Anti-Retaliation Provision of U.S. Fair Labor Standards Act Applies Only to Current or Former Employers

A prospective employer does not violate the anti-retaliation provision of the U.S. Fair Labor Standards Act (“FLSA”) by refusing to hire a job applicant because she sued her former employer under the FLSA. The U.S. Court of Appeals for the Fourth Circuit reached this conclusion in Dellinger v. Science Applications International Corp., No. 10-1499 (4th Cir. Aug. 12, 2011). The court held that the FLSA gives an employee the right to sue only his or her current or former employer and that a prospective employee cannot sue a prospective employer for retaliation.

Plaintiff Nancy Dellinger applied for an employment position with Science Applications International Corporation (“SAIC”). SAIC allegedly offered Dellinger a job, contingent on her passing a drug test, completing specified forms, and verifying and transferring her security clearance. One of the forms required her to list all pending noncriminal litigation to which she was a party. Dellinger completed the application and identified a lawsuit that she filed under the FLSA against her former employer, CACI, Inc. Subsequently, SAIC withdrew its job offer.

Dellinger sued SAIC, alleging that its withdrawal of the offer of employment constituted “retaliation and unlawful discrimination based on [her] exercise of her protected right to file an FLSA lawsuit,” in violation of 29 U.S.C. § 215(a)(3). SAIC moved to dismiss the action for failure to state a claim upon which relief may be granted. The U.S. District Court for the Eastern District of Virginia granted the motion. Dellinger appealed to the Fourth Circuit.

The Fourth Circuit affirmed the dismissal of Dellinger’s claim.
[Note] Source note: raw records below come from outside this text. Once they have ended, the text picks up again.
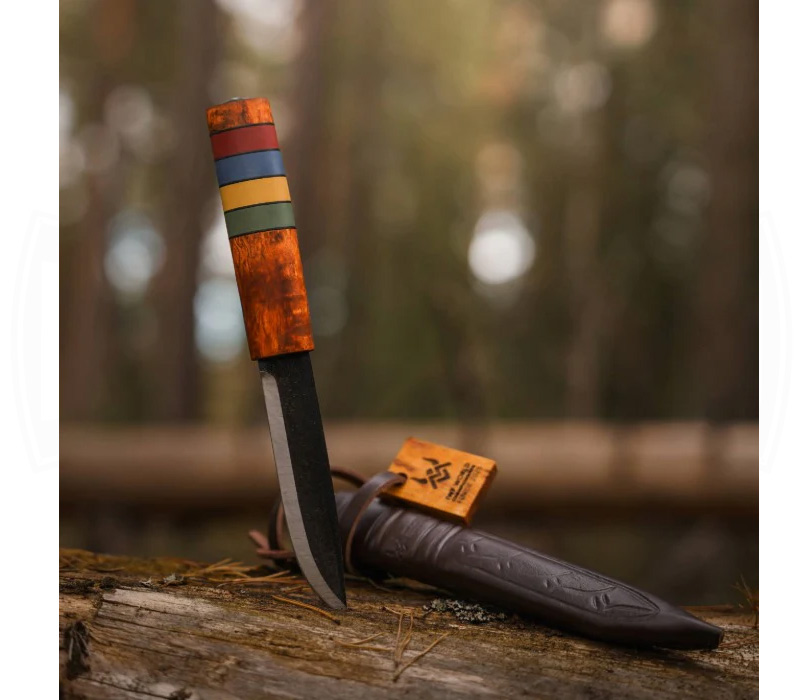 Die kräftige 11 cm lange Drop-Point-Klinge aus dreifach laminiertem Carbonstahl bietet unübertroffene Stabilität und Schnitthaltigkeit. Ihr schwarzes Finish – direkt aus der Wärmebehandlung – verleiht dem Messer eine rustikale, authentische Note. Der durchgehende Erl sorgt für außergewöhnliche Robustheit, während die traditionelle Lederscheide das Gesamtbild perfekt abrundet.
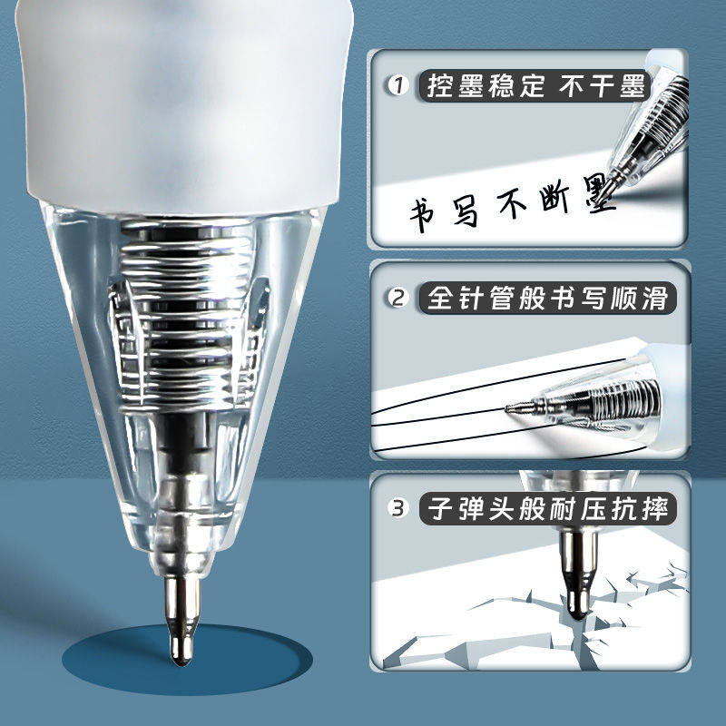100支按动中性笔笔芯子弹头速干替换芯0.5写字粗笔心学生用按压式碳素水笔芯黑笔摁动批发文具用品送晨光水笔
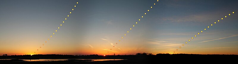 An observer noticing the sunrise point of the eastern horizon will notice the point oscillate between north-east in the summer to south-east in the winter and back to north-east in the summer - much like a swing.
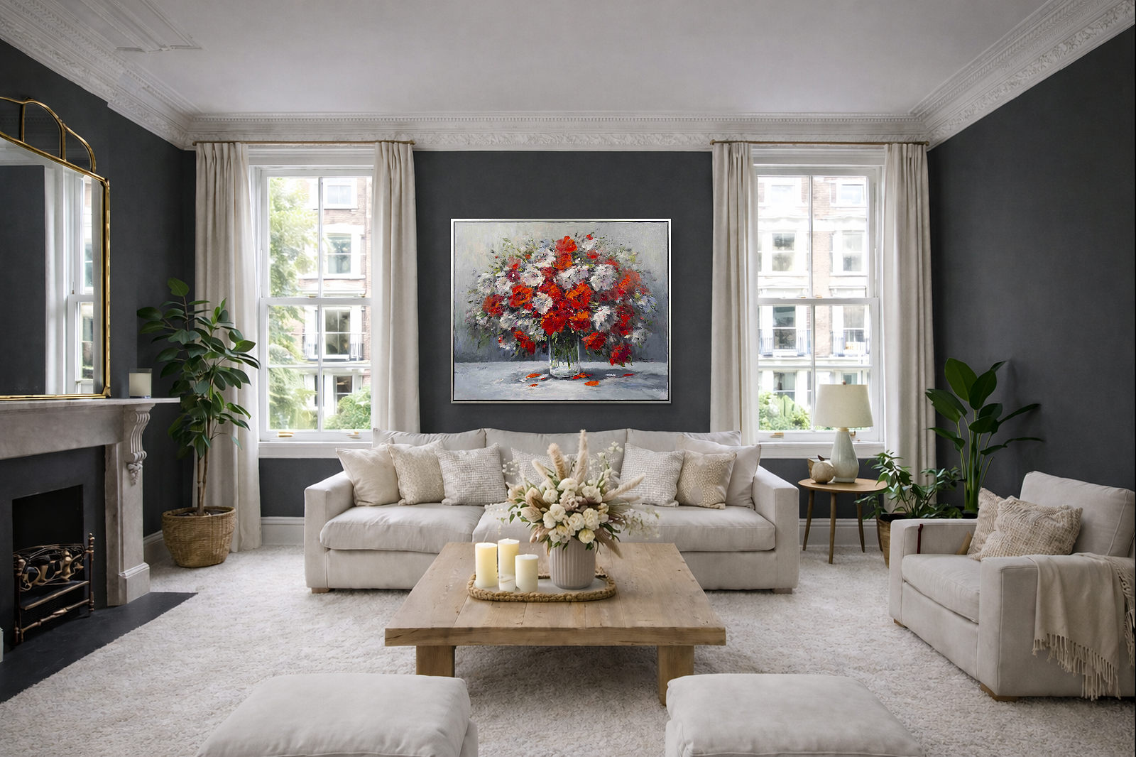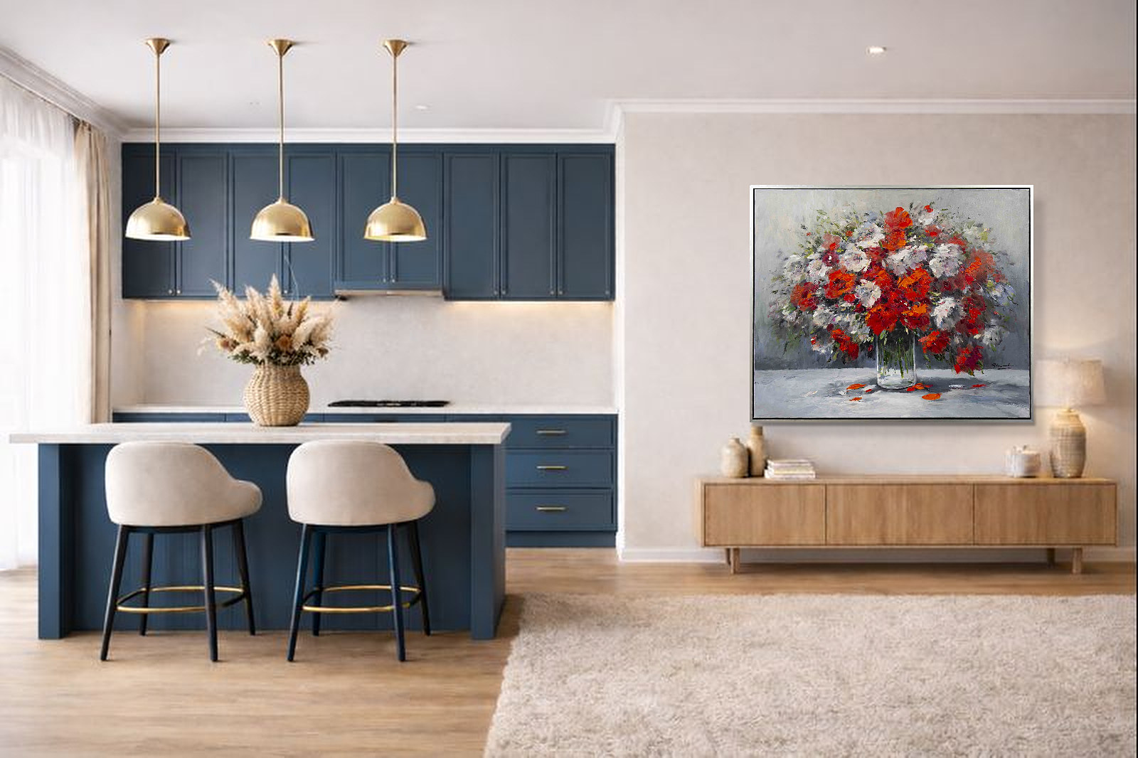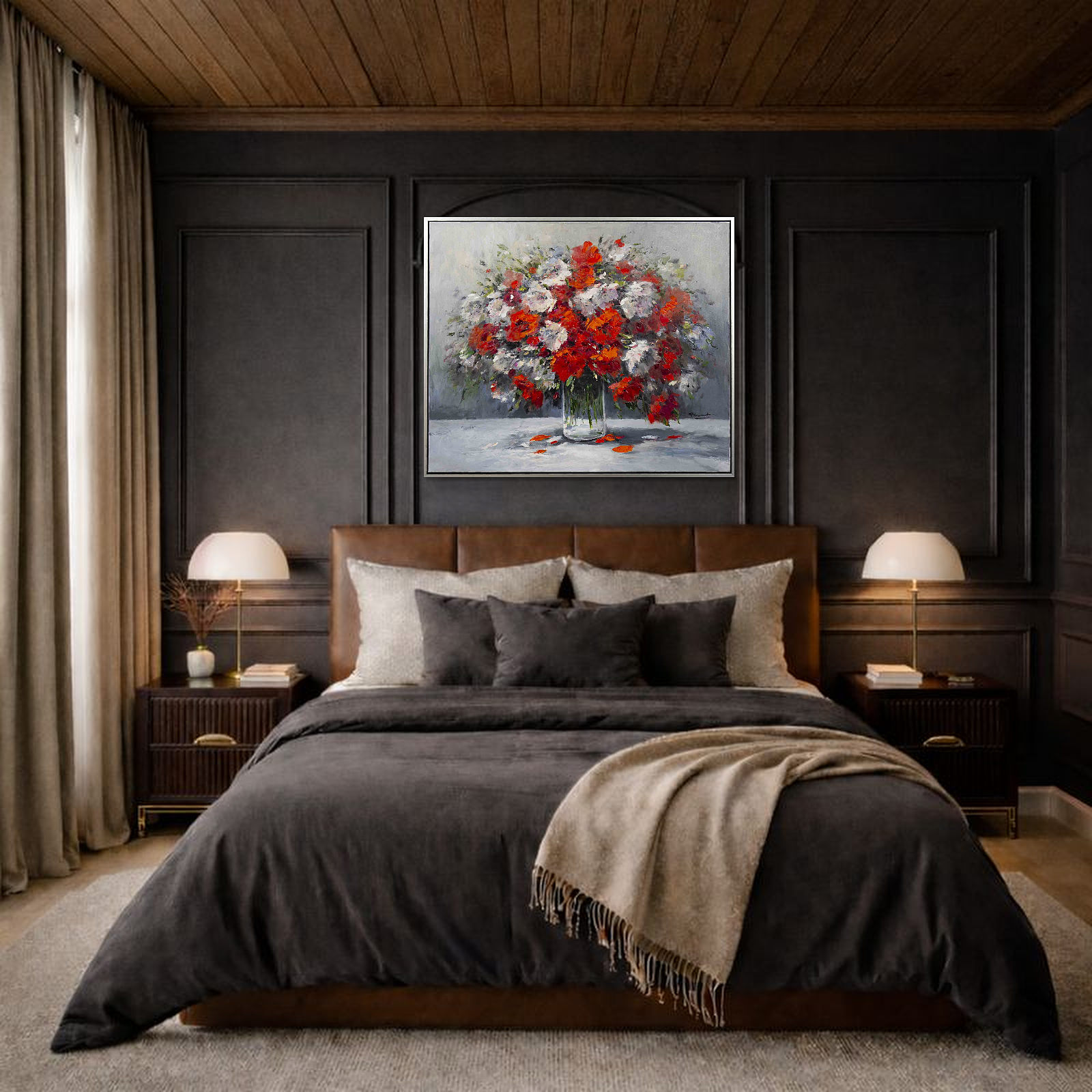 This original floral painting would make a gorgeous statement piece for any room. Painted in oils by the talented artist Gerhard Nesvadba. Presented in contemporary style black frame with silver edge and ready to hang.

The court observed that the FLSA establishes a minimum wage and a maximum number of hours beyond which an employer may not require its non-exempt employees to work without paying overtime wages. Among other things, the FLSA also prohibits retaliation against an employee for bringing an FLSA claim. In relevant part, 29 U.S.C. § 215(a)(3) provides that–

it shall be unlawful for any person … to discharge or in any other manner discriminate against any employee because such employee has filed any complaint or instituted or caused to be instituted any proceeding under or related to this chapter, or has testified or is about to testify in any such proceeding….

The civil remedy provision of the FLSA, 29 U.S.C. § 216(b), provides in part that–

Any employer who violates the provisions of section 215(a)(3) … shall be liable for such legal or equitable relief as may be appropriate to effectuate the purposes of section 215(a)(3) … including without limitation employment, reinstatement, promotion, and the payment of wages lost and an additional equal amount as liquidated damages.

Dellinger argued that because Section 215(a)(3) provides  that “it shall be unlawful for any person” to retaliate against any employee, she could sue any “person” who retaliated against her, rather than simply her employer. The Fourth Circuit disagreed. It reasoned that–

While § 215(a)(3) does prohibit all “persons” from engaging in certain acts, including retaliation against employees, it does not authorize employees to sue “any person.” An employee may only sue employers for retaliation, as explicitly provided in § 216(b).

The court also found that the purpose of the anti-retaliation provision of the FLSA is “to ensure that employees could sue to obtain minimum wages and maximum hours from their employers without the employers taking adverse action against them for the exercise of those rights.” Because the provision is directed against employers, and is not “a free-standing protection against any societal retaliation, “29 U.S.C. § 215(a)(3), does not authorize prospective employees to bring retaliation claims against prospective employers.”